What's needed: every entry, printed exactly, minus the images.

══ Data

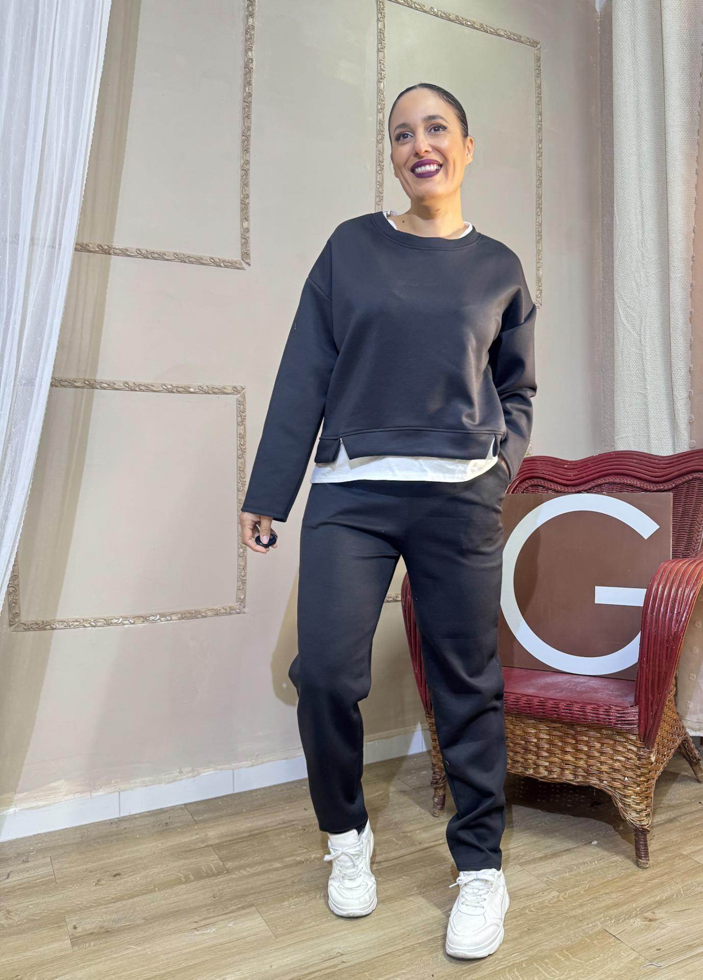 CHANDAL NEGRO CON SOBRE CAMISA BLANCA
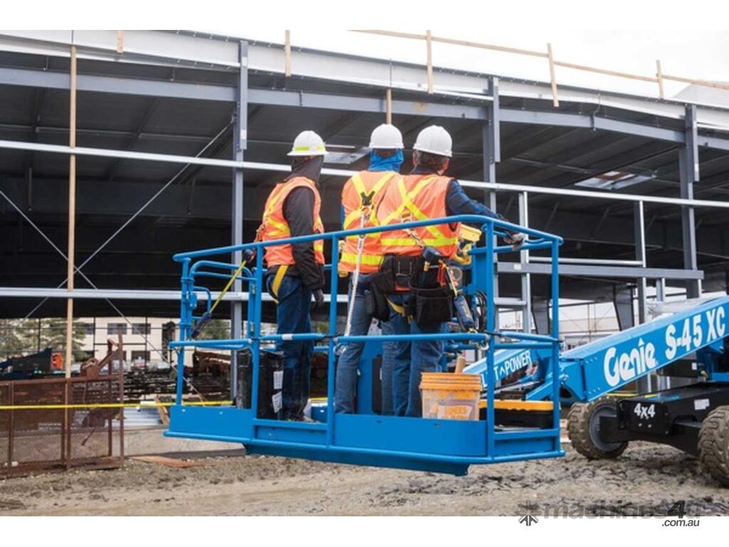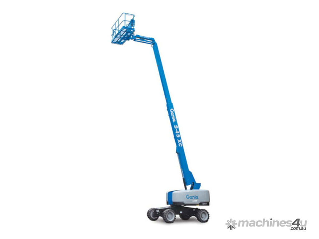 The Genie® S-45 XC™ telescopic boom is engineered to work in more applications that require higher capacities. With industry-leading dual lift capacity — 300 kg (660 lb) / 454 kg (1,000 lb) — a smooth operating envelope, this new XC boom lift is a perfect fit for your customers’ heavy lifting in construction, bridge inspections and maintenance, stadium and sports arena, gas and oil refineries, industrial, telecommunications and utility applications.
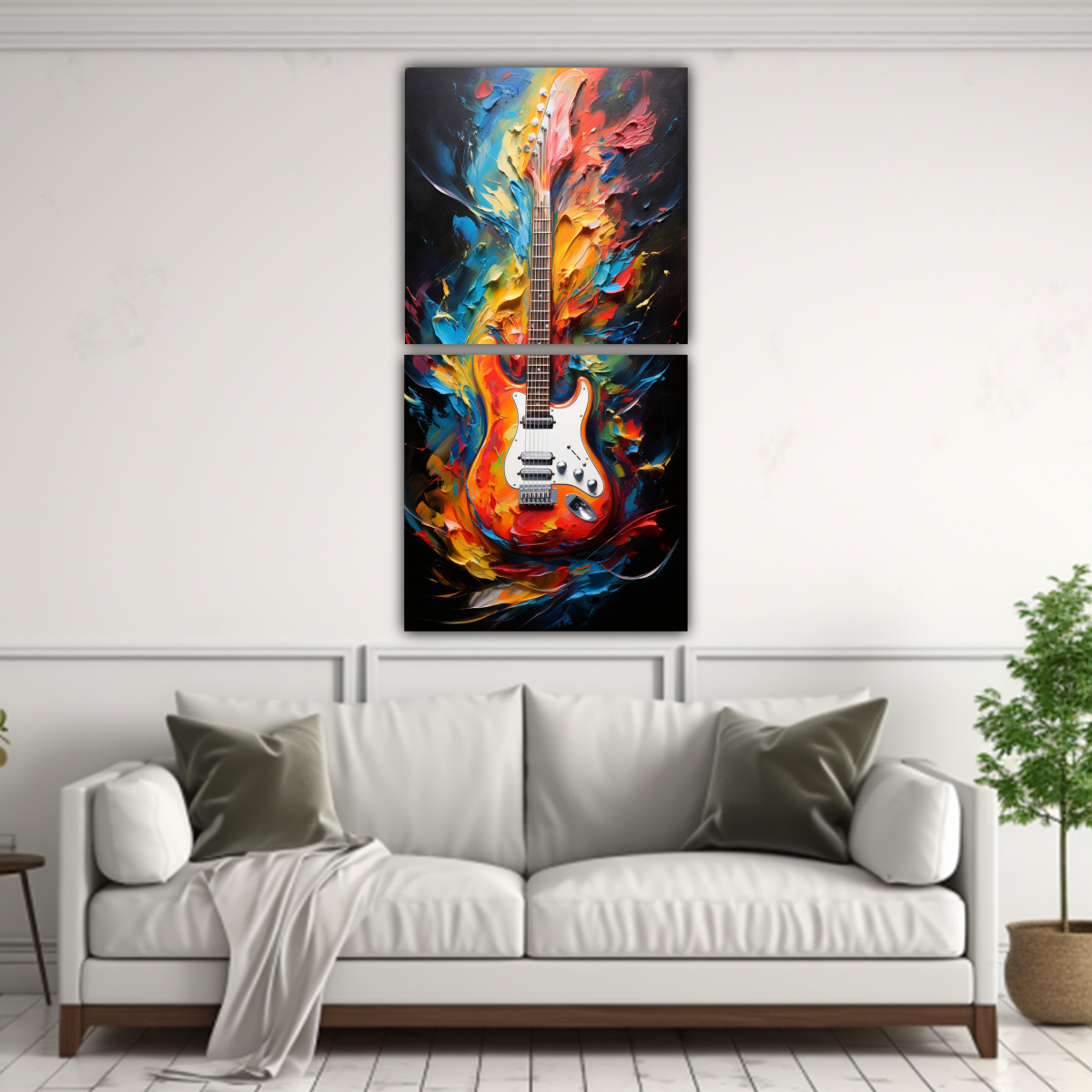 DecoCuadros te ofrece dipticos impresos de pinturas innovadoras de guitarras abstractas en una amplia gama de colores como Coral, Turquesa, Negro, Chocolate, Beige, Carmesi, Verde Azulado y Azul Marino grisaceo Nuestros cuadros cuentan con bastidores de madera y están impresos en tela de alta calidad Compra con nosotros y disfruta de la mejor calidad y los precios más económicos del mercado
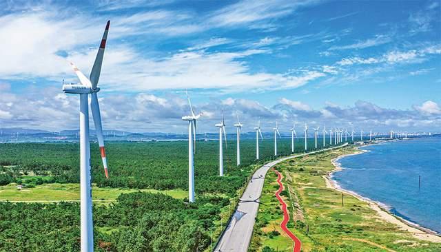 近年来,山东省荣成市坚持高质量绿色发展理念,推进风力发电、光伏发电等绿色经济产业发展,优化能源结构,助力推进碳达峰碳中和,实现生态保护和可持续发展。图为2021年8月24日,荣成市北部海湾附近,风力发电机组在运转发电。 求是图片 李信君/摄
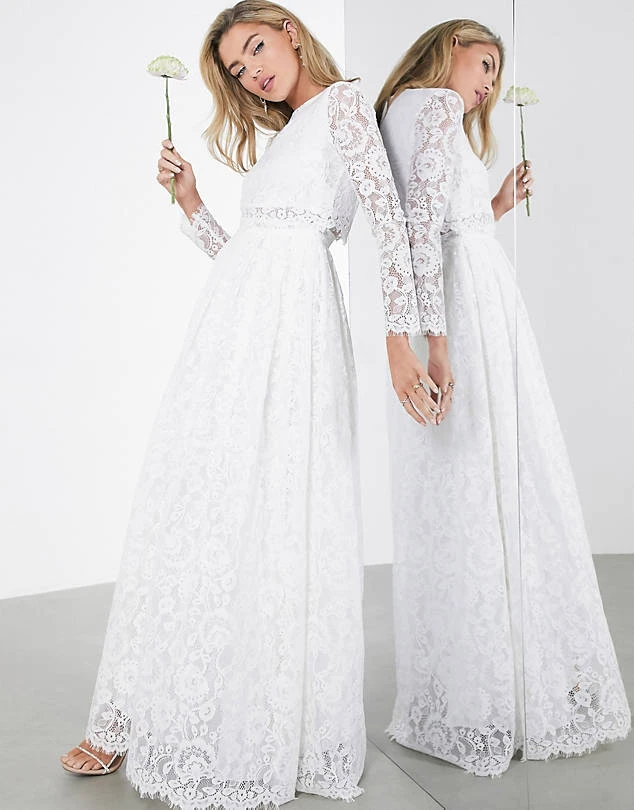 The beautiful white Lace Long Sleeve Crop Top Maxi Wedding Dress from Asos Edition is a guaranteed head-turner, you’ll find this piece as feminine as it is timeless. It features a round neckline, a stunning lace overlay, lace semi sheer sleeves for arm coverage and gorgeous floor sweeping skirt. Perfect for a bride this season.
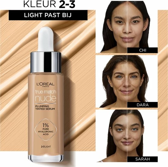 Het L’Oréal True Match getint serum is een verzorgend serum met hyaluronzuur en lichte make-up dekking in één. Hyaluronzuur ondersteunt de vochthuishouding in de huid en laat de huid er gladder en voller uitzien. De toegevoegde kleurpigmenten zorgen voor een lichte en natuurlijke dekking voor een egale en stralende huid. Het make-up serum heeft een dunne structuur waardoor deze goed blend met de huid voor een natuurlijke finish. De formule is non-comedogeen, dit houdt in dat de formule de poriën niet verstopt en is ideaal voor een gevoelige of onrustige huid. De 9 kleuren zijn speciaal ontwikkeld aan de hand van een multi-culturele beauty studie, om te garanderen dat ze bij een grote diversiteit aan huidstinten passen.
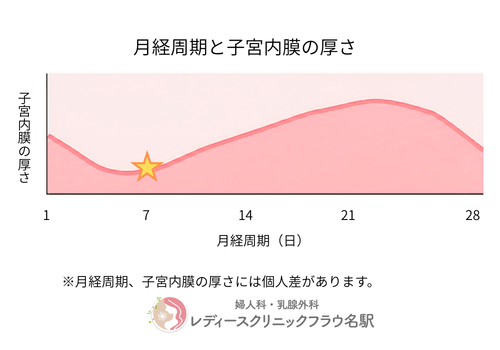 子宮内膜が薄くなったタイミングで、再度婦人科エコー検査で子宮内膜の状態を確認します。
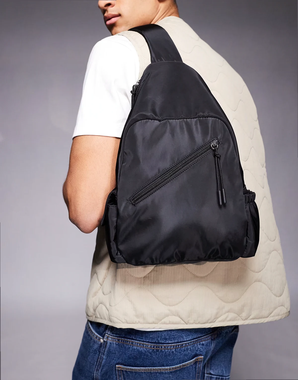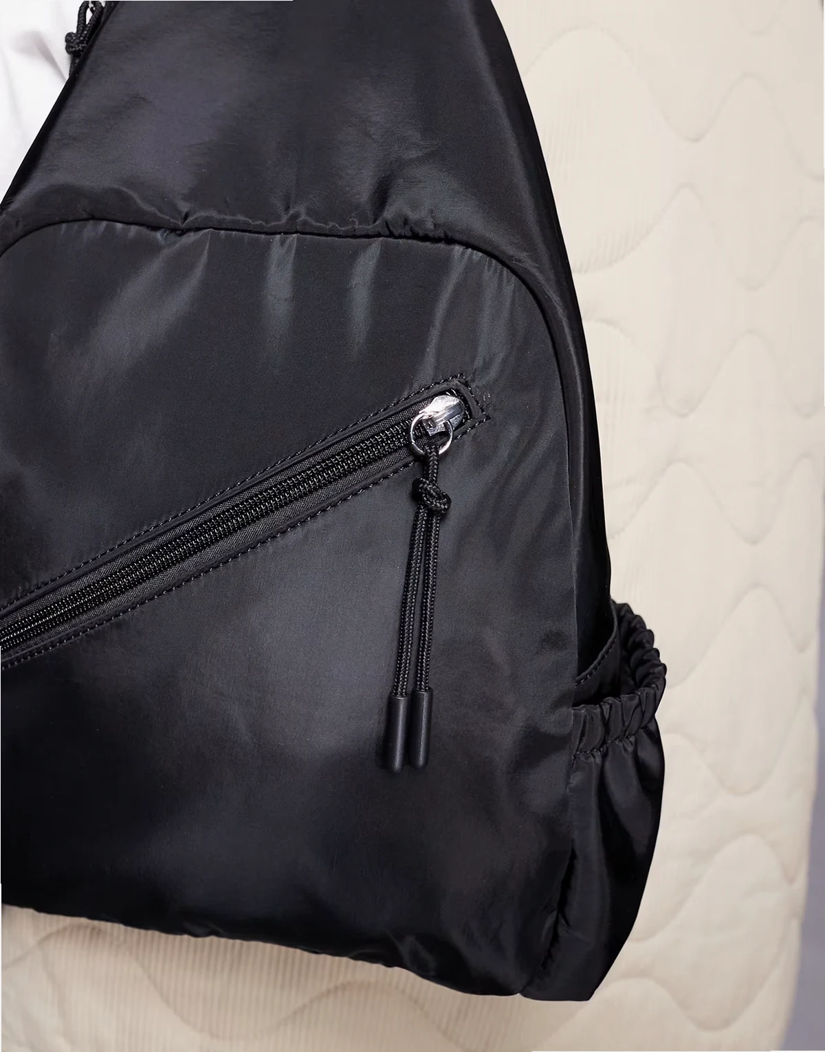 – Czarny nylonowy plecak crossbody
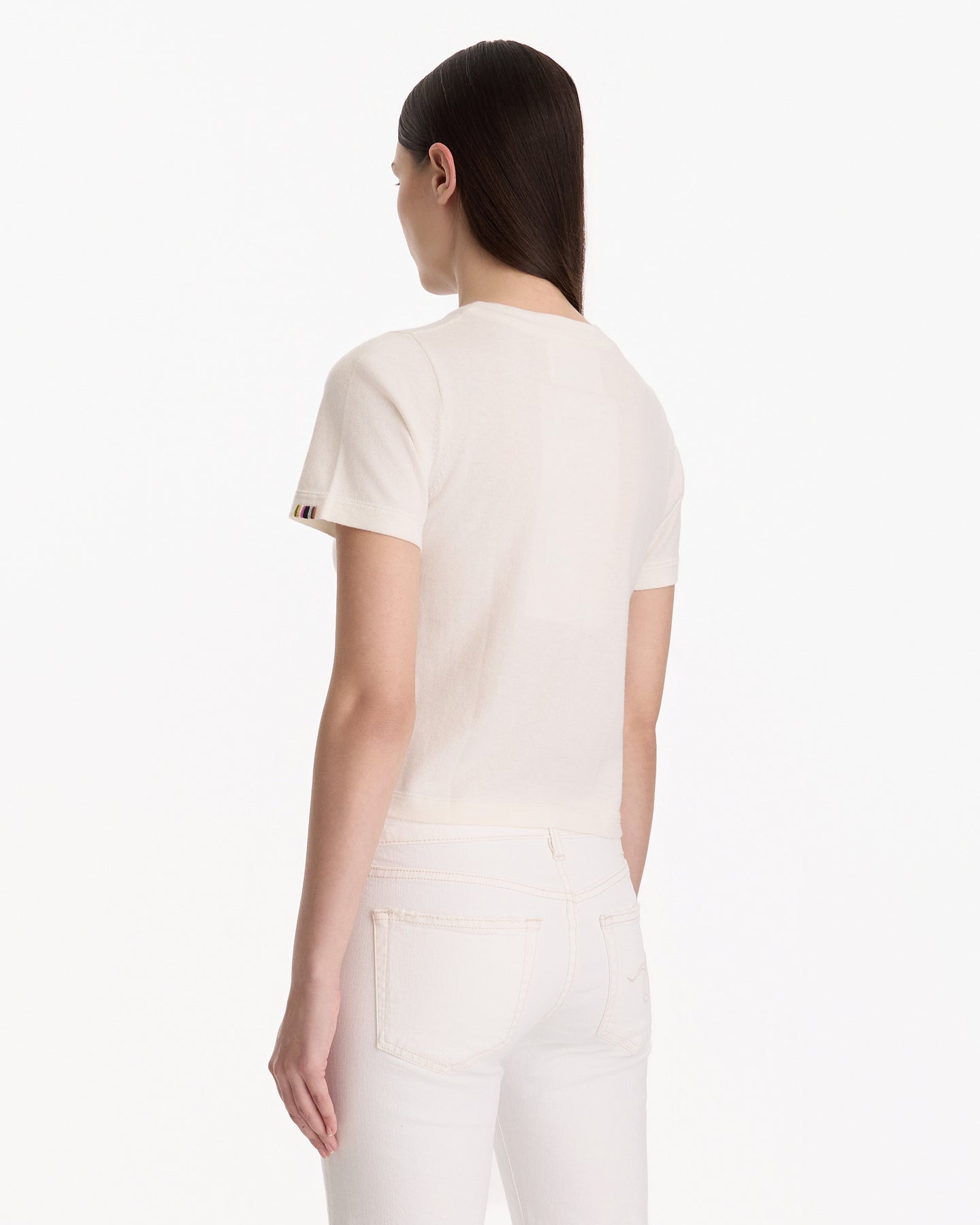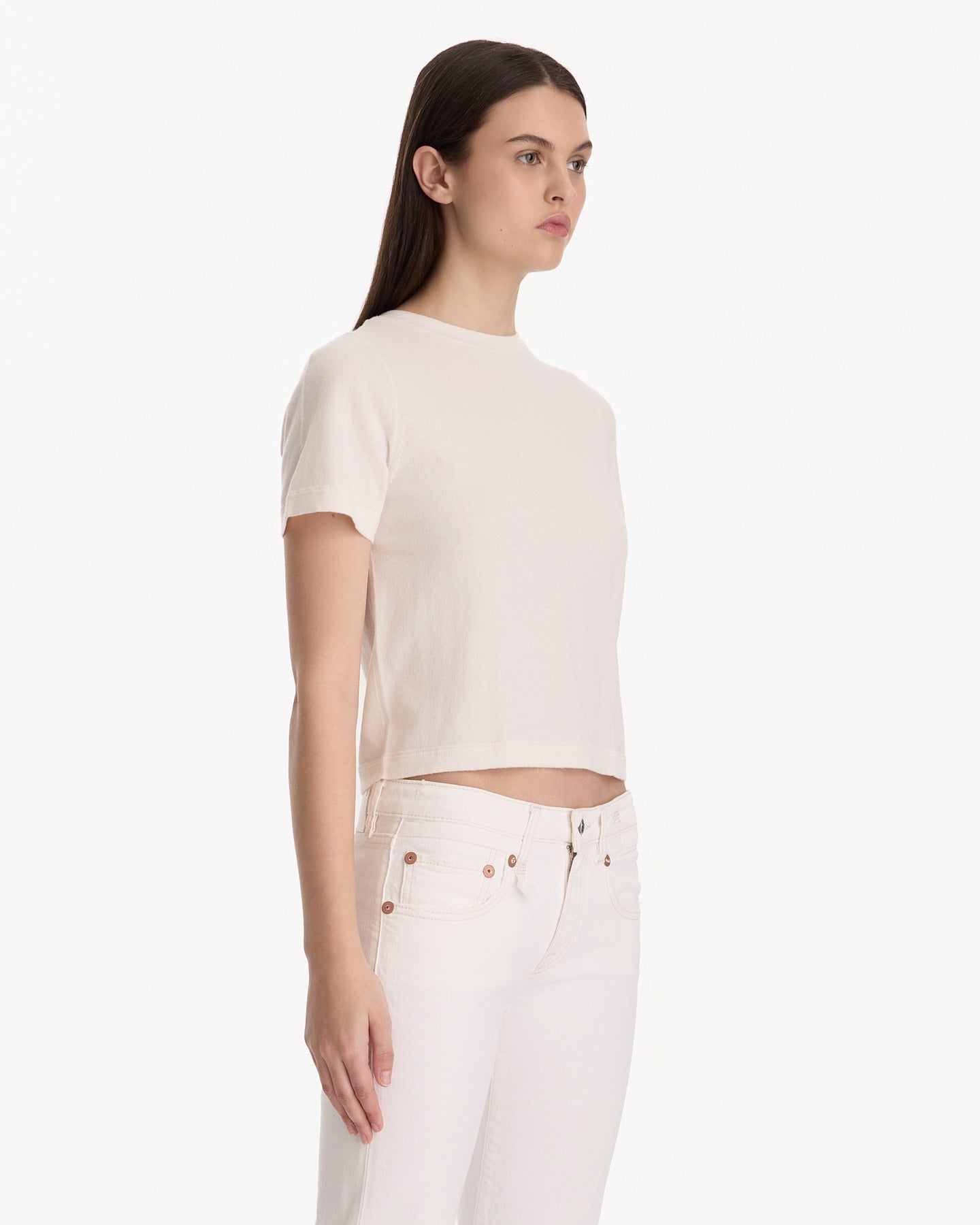 Extreme Cashmere N°267 Tina T-Shirt in snow features a shrunken silhouette in a lightweight cashmere fabrication. Details include crew neckline, short sleeves and square fit.

════

## Answer space
 CHANDAL NEGRO CON SOBRE CAMISA BLANCA
 The Genie® S-45 XC™ telescopic boom is engineered to work in more applications that require higher capacities. With industry-leading dual lift capacity — 300 kg (660 lb) / 454 kg (1,000 lb) — a smooth operating envelope, this new XC boom lift is a perfect fit for your customers’ heavy lifting in construction, bridge inspections and maintenance, stadium and sports arena, gas and oil refineries, industrial, telecommunications and utility applications.
 DecoCuadros te ofrece dipticos impresos de pinturas innovadoras de guitarras abstractas en una amplia gama de colores como Coral, Turquesa, Negro, Chocolate, Beige, Carmesi, Verde Azulado y Azul Marino grisaceo Nuestros cuadros cuentan con bastidores de madera y están impresos en tela de alta calidad Compra con nosotros y disfruta de la mejor calidad y los precios más económicos del mercado
 近年来,山东省荣成市坚持高质量绿色发展理念,推进风力发电、光伏发电等绿色经济产业发展,优化能源结构,助力推进碳达峰碳中和,实现生态保护和可持续发展。图为2021年8月24日,荣成市北部海湾附近,风力发电机组在运转发电。 求是图片 李信君/摄
 The beautiful white Lace Long Sleeve Crop Top Maxi Wedding Dress from Asos Edition is a guaranteed head-turner, you’ll find this piece as feminine as it is timeless. It features a round neckline, a stunning lace overlay, lace semi sheer sleeves for arm coverage and gorgeous floor sweeping skirt. Perfect for a bride this season.
 Het L’Oréal True Match getint serum is een verzorgend serum met hyaluronzuur en lichte make-up dekking in één. Hyaluronzuur ondersteunt de vochthuishouding in de huid en laat de huid er gladder en voller uitzien. De toegevoegde kleurpigmenten zorgen voor een lichte en natuurlijke dekking voor een egale en stralende huid. Het make-up serum heeft een dunne structuur waardoor deze goed blend met de huid voor een natuurlijke finish. De formule is non-comedogeen, dit houdt in dat de formule de poriën niet verstopt en is ideaal voor een gevoelige of onrustige huid. De 9 kleuren zijn speciaal ontwikkeld aan de hand van een multi-culturele beauty studie, om te garanderen dat ze bij een grote diversiteit aan huidstinten passen.
 子宮内膜が薄くなったタイミングで、再度婦人科エコー検査で子宮内膜の状態を確認します。
 – Czarny nylonowy plecak crossbody
 Extreme Cashmere N°267 Tina T-Shirt in snow features a shrunken silhouette in a lightweight cashmere fabrication. Details include crew neckline, short sleeves and square fit.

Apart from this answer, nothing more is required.